This set-up allowed Snowden to get "the files I wanted all neatly organized into folders" and later on, he assured that he "carefully evaluated every single document I disclosed to ensure that each was legitimately in the public interest". (p. 258)

Given the huge number of files that he handed over (the book says nothing about their exact number), it's hard to imagine that Snowden was able to evaluate them as careful as he said. In his memoir he already admits how complicated this was:
"Sometimes I'd find a program with a recognizable name, but without an explanation of what it did.

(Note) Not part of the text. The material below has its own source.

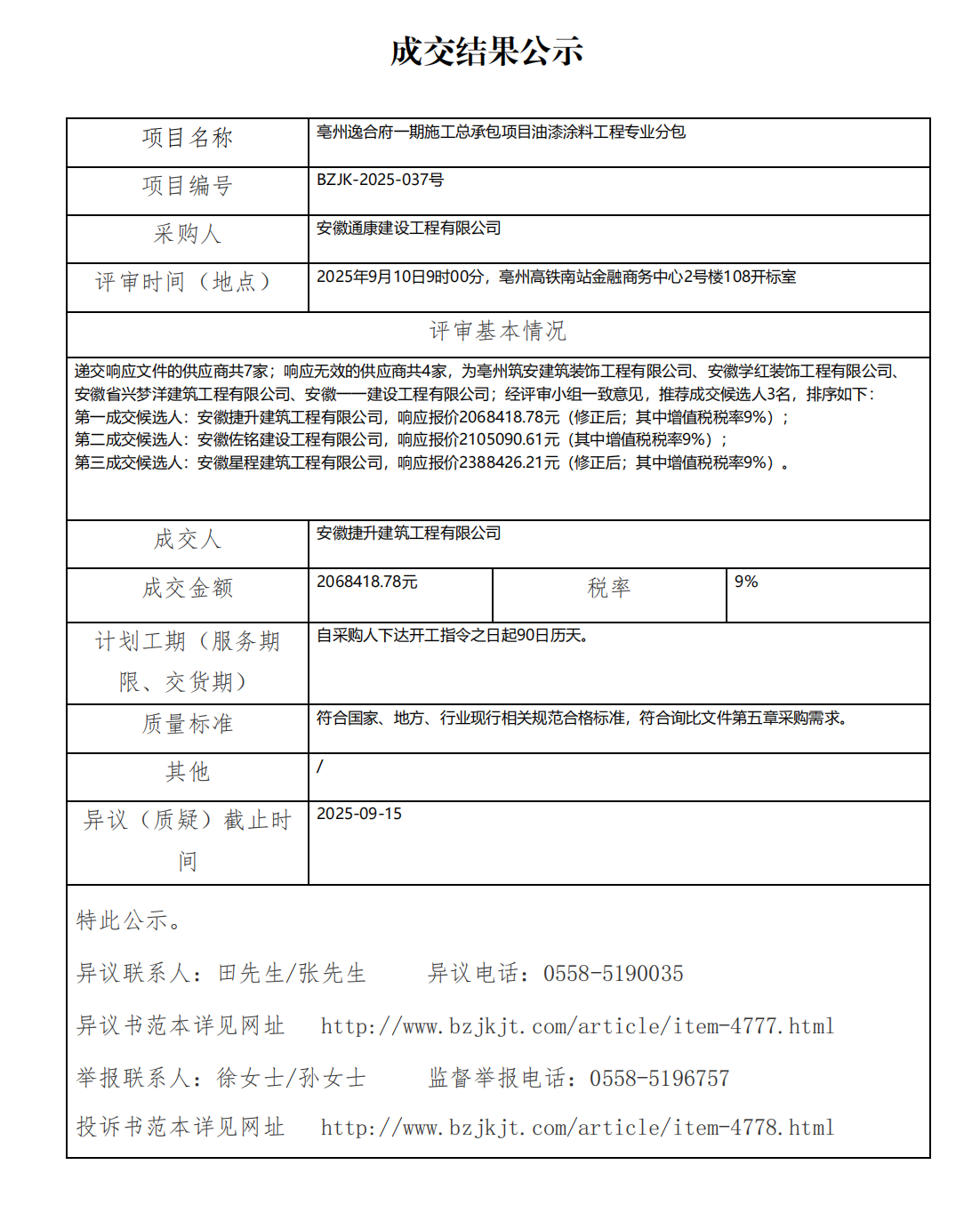 亳州逸合府一期施工總承包項目油漆涂料工程專業(yè)分包成交結(jié)果公示

Other times I'd just find a nameless explanation, with no indication as to whether the capability it described was an active program or an aspirational desire. I was running up against compartments within compartments, caveats within caveats, suites within suites, programs within programs" (p. 217)

Apparently it was as difficult for Snowden as it was for the journalists to make sense out of these never-before-seen documents, but with the difference that Snowden had less than a year to study them part-time, while a dozen of journalists and their assistants have worked on them for over five years and may still haven't solved all the puzzles.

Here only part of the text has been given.